Loading...

Chlore et grossesse : quels sont les risques ?

La grossesse est une période de changements et de précautions, et les futures mamans sont souvent bombardées de conseils sur ce qu'il faut faire et ne pas faire pour la santé de leur bébé. Parmi les questions qui reviennent fréquemment, celle de la sécurité de la baignade en piscine, et plus particulièrement de l'exposition au chlore, occupe une place importante. Si la natation est généralement encouragée pour ses nombreux bienfaits pendant la grossesse, les effets du chlore font débat. Cet article vise à faire le point sur les connaissances actuelles, en s'appuyant sur les études disponibles et les recommandations d'experts, afin d'aider les femmes enceintes à prendre des décisions éclairées.

Les bienfaits de la natation pendant la grossesse

La natation est souvent présentée comme le sport idéal pour les femmes enceintes, et ce à juste titre.

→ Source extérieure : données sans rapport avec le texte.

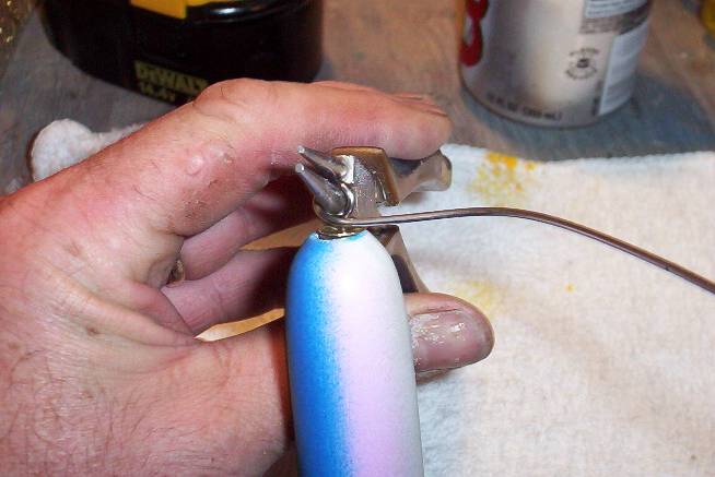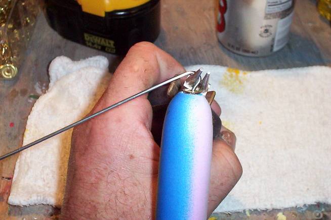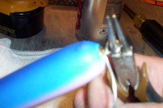 Ok, here goes. First I bend the wire at approximately a 45 degree angle to the plug. Sorry I deleted this picture without saving it. Next I grab the wire at the bend with my round nosed pliers and bend it back over.
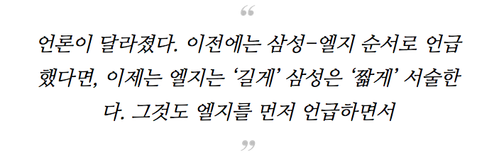 결과적으로 엘지는 과감한 변신과 혁신을 추구했고, 그 결과는 충분히 납득이 갔다. 하지만 안정적인 변화를 추구한 삼성전자는 스스로의 한계를 보여주고 말았다는 평가가 많다. 이미 높아질 대로 높아진 스펙은 더 이상 감흥을 주지 못하기 때문이다.
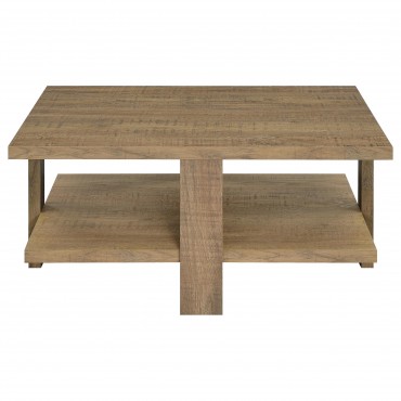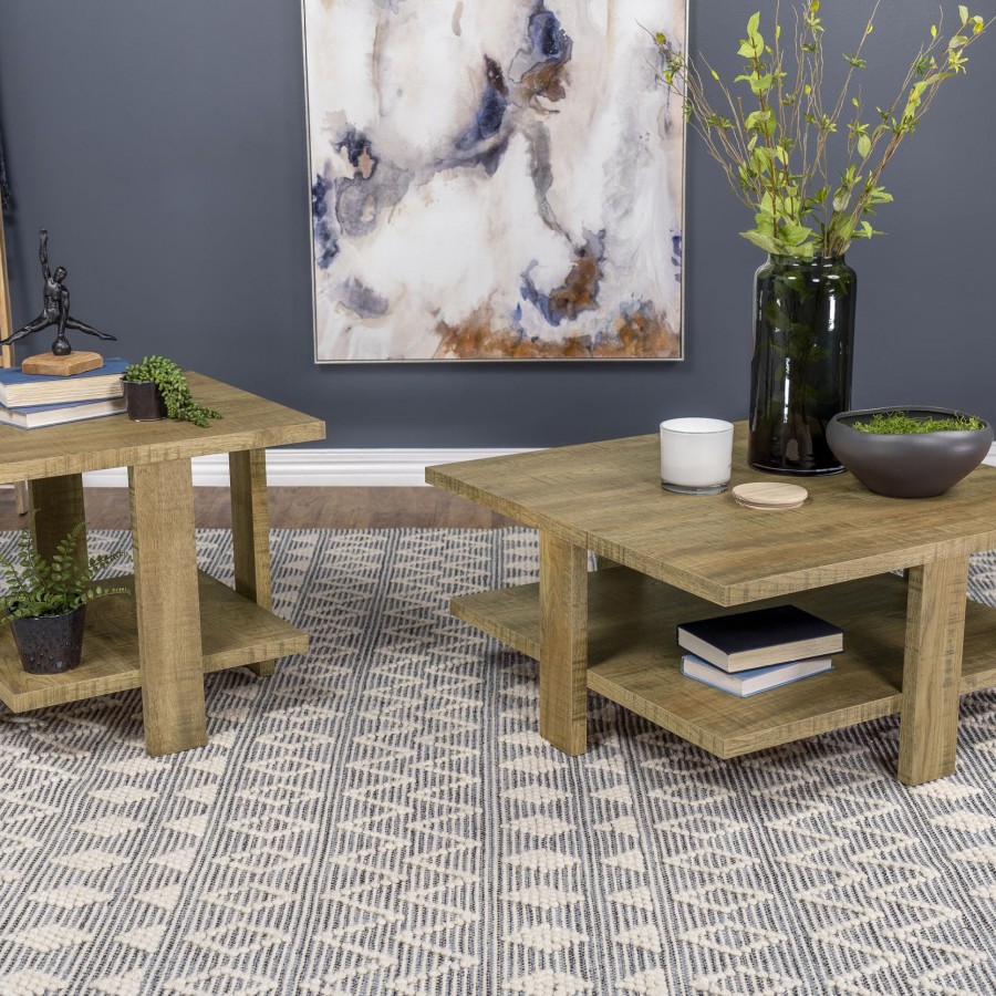 This coffee table set features a perfect blend of clean lines and natural beauty. Each table in the set is crafted from engineered wood with a mango finish and a rough sawn texture, offering two practical surfaces. The wide, board-like legs enhance the linear design, adding a rustic touch. Designed with versatility in mind, this set offers ample space for display, serving, or storage while bringing earthy charm and modern functionality to any living room.

Elle offre de nombreux avantages tant pour la mère que pour le bébé :

  • Soulagement des maux de grossesse : La natation peut atténuer les nausées, soulager les jambes lourdes et préserver les muscles.
  • Réduction des risques : La pratique d'exercices de natation adaptés à la grossesse peut réduire les risques de complications pendant la grossesse et les risques d'obésité infantile.
  • Sensation de légèreté : Au troisième trimestre, le poids du bébé peut être difficile à supporter. L'eau permet de soulager le dos et les articulations, procurant une sensation de légèreté.
  • Amélioration de l'endurance : La natation améliore l'endurance et la capacité à récupérer après un effort, ce qui est bénéfique pour l'accouchement et la période post-partum.
  • Prévention des problèmes de dos et de la rétention d'eau : La natation régulière peut aider à prévenir les problèmes de disques et à réduire la rétention d'eau.
  • Bien-être mental : L'entraînement à la natation permet de garder une bonne forme mentale grâce à une meilleure oxygénation du cerveau.
  • Effet rafraîchissant : L'eau offre un effet rafraîchissant bienvenu, car la transpiration est plus rapide pendant la grossesse.
  • Amélioration du transit intestinal : L'exercice doux permet également de faire bouger les intestins.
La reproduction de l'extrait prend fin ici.